Talk presented at 37th General Assembly of the European Seismological Commission on 2021-09-23

Abstract: The traditional methodology of constructing a single intensity attenuation law and intensity prediction equation for large areas is not fit for the complex situation in Belgium. Macroseismic intensity distribution patterns of past Belgian earthquakes do not cohere to the common assumption of an isotropic intensity decrease with epicentral distance. Intensity decrease is strongly influenced by crustal and cover geological features in the subsurface that heavily control and limit seismic wave propagation. Geological features that have influenced past intensity distribution patterns are: -The strongly compacted and deformed Lower Palaeozoic Anglo-Brabant Massif, which easily transfers ground motion along its core axis in a WNW-ESE direction. -The increasing thickness of soft sedimentary Cenozoic strata covering the Anglo-Brabant massif towards the Belgium-The Netherlands border, effectively filtering high frequency ground motions. -The Lower Rhine Embayment boundary faults, impeding effective ground motion transfer and serving as seismic mirrors. -The Eifel-Midi Fault which acts as a seismic barrier. -A band of shallow coal basins across the country in an east - west orientation with a fast intensity attenuation. The quantitative effect of these geological regions on macroseismic intensity are best to be modelled separately. But given the small size of both Belgium and these different regions, local earthquakes are prone to hit multiple areas with different attenuation properties at once, urging the necessity of transfer functions from one unit to another. Moreover, anisotropic intensity attenuation laws are very uncommon in literature and adding another dimension, e.g. such as bedrock depth, into an intensity prediction equation complicates the modelling even more.
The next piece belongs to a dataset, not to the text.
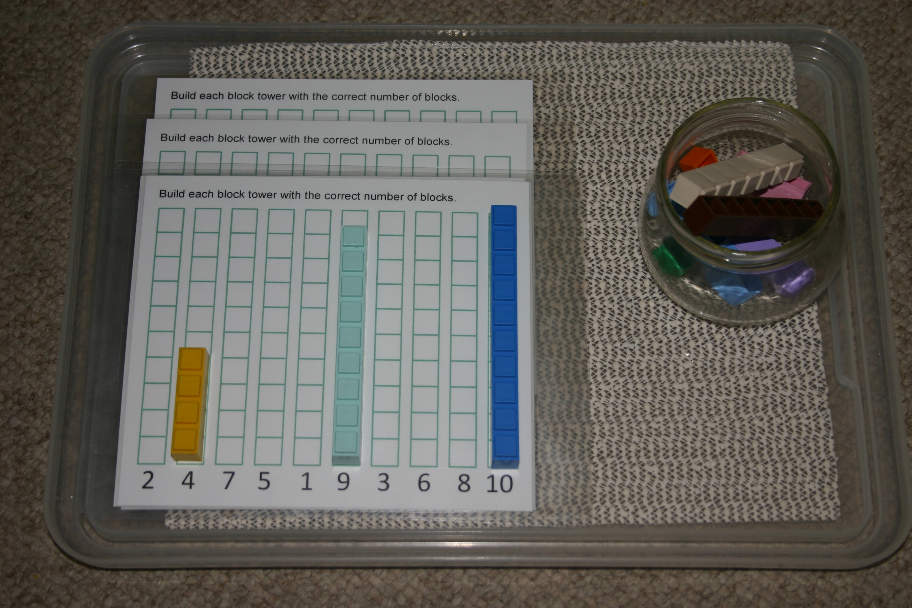 This is the same activity using a different style of block. These came from a build-your-own 3D desk calendar I bought for $1. You could also purchase Coko bricks which are almost identical and can be used on Duplo base boards. The twins have learnt to count to 30 out loud and have fairly good one-to-one correspondence so we are now working on recognising and sequencing numerals to 30.

During this presentation, these PhD issues and topics will be discussed by using the extensive traditional and online macroseismic intensity database of the Royal Observatory of Belgium (ROB), which was extended with macroseismic intensity data from neighboring countries.

Keyword(s): Macroseismology, intensity prediction equation, ground motion attenuation
Funding: PhD ROB funding/PhD ROB funding/PhD ROB funding